Sumit Dhanda, semiconductor analyst at Bank of America, described the figures as a big miss. He said AMD appeared to be under significant price pressure in its desktop and server processor businesses, largely due to Intel gaining market share.
Joe Osha, Merrill Lynch semiconductor analyst, lowered his 2007 earnings per share estimate to 15 cents, compared with a market consensus of $1.11, citing competitive pressures from Intel, slower demand and the need to digest its ATI acquisition as growth inhibitors.
A slower recovery than expected in ATI’s graphics card business and AMD’s need to ramp up capacity meant that the company could lose money in the first half of the year, he warned.
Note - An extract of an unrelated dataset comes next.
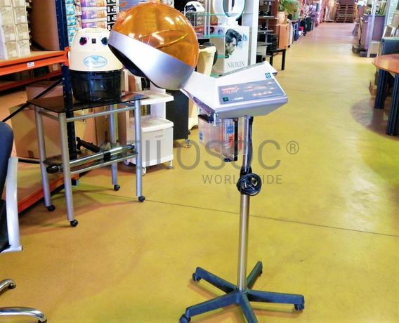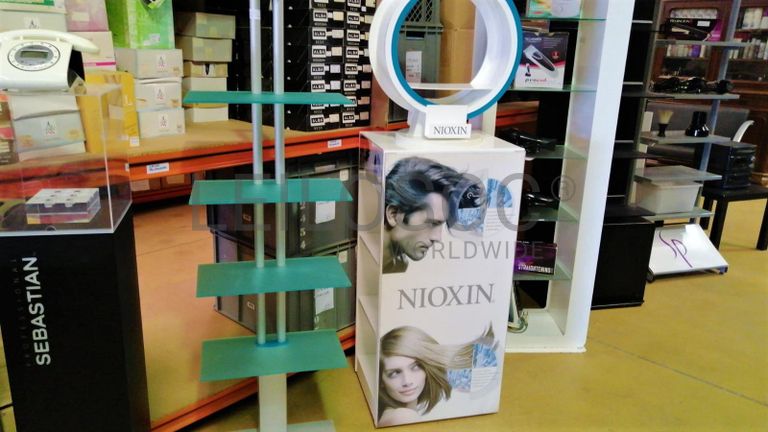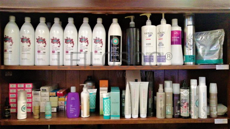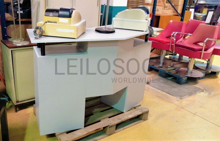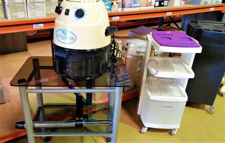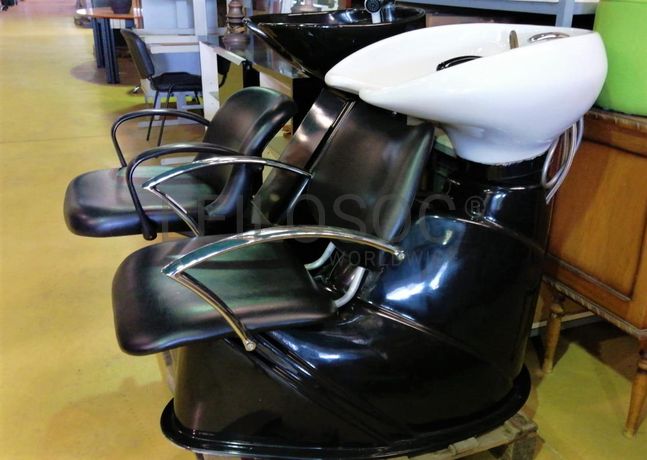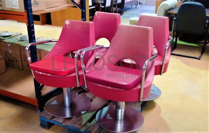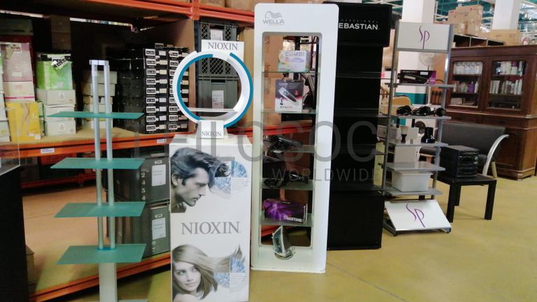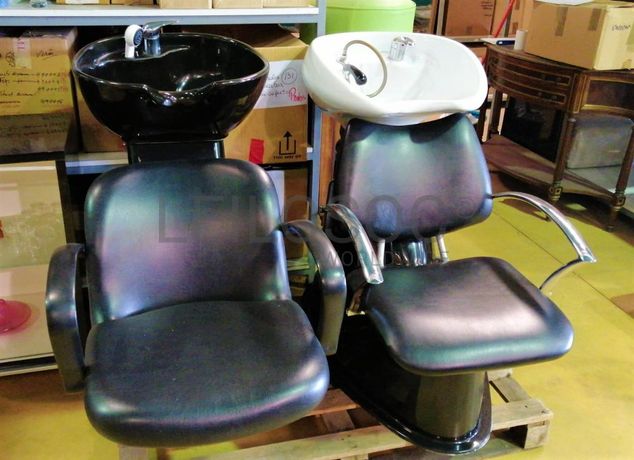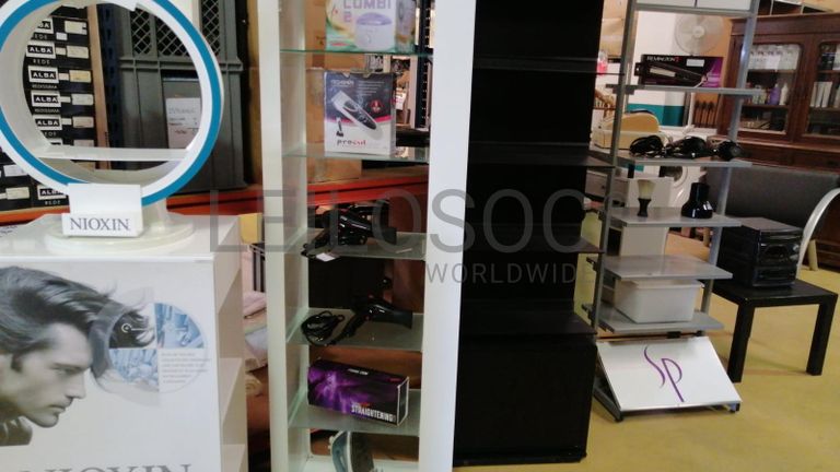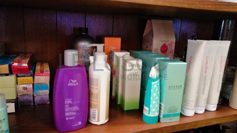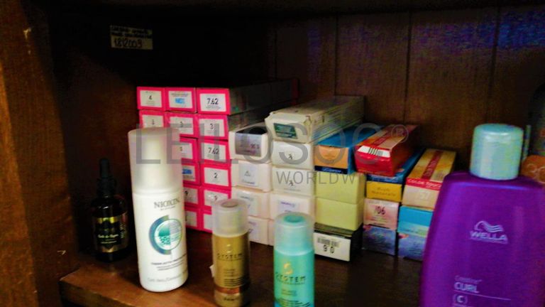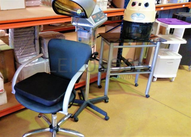 Acessórios para cabeleireiro, composto por 4 cadeiras com sistema de elevação de cor vermelho, cadeira com elevação de cor preto, mesa retangular com tampo em vidro, vaporizador Julle plus, expositor Wella, expositor SP, expositor Sebastian, expositor Sebastian com luz led, expositor Nioxin, expositor com 4 prateleiras em vidro, 2 calhas (rampa de lavagem de cabelos, 2 bancos de 2 lugares de cor preta, carrinho de apoio Sasson, carrinho de apoio com diversas gavetas, balcão de receção, secador de cabelo, 2 máquinas de cortar cabelo inoperacionais, ventoinha, máquina de cera, cabide, mesa de apoio de cor preta, 2 caixas registadoras Oliva, telefone, aparelhagem de som, banco, secador de cabelo de pé Rowenta, ferro de engomar, vaso, marquesa de cor preta, termoacumulador 150l, máquina de lavar roupa, cacifo de 6 portas, lote de produtos diversos usados, lote de produtos diversos em estado de novo.

Glen Yeung at Citigroup downgraded AMD from “buy” to “hold”, saying it was coming under acute pricing pressure in its high-end server processors business from Intel.
Intel has turned the tables on AMD in recent months, introducing its first new architecture in five years and beating AMD to the launch of quad-core processors – chips with four brains. Intel has moved to cheaper manufacturing, based on smaller 65-nanometre circuitry, a year ahead of AMD.
Intel will announce its fourth-quarter results on Tuesday, with analysts expecting it to report market share gains.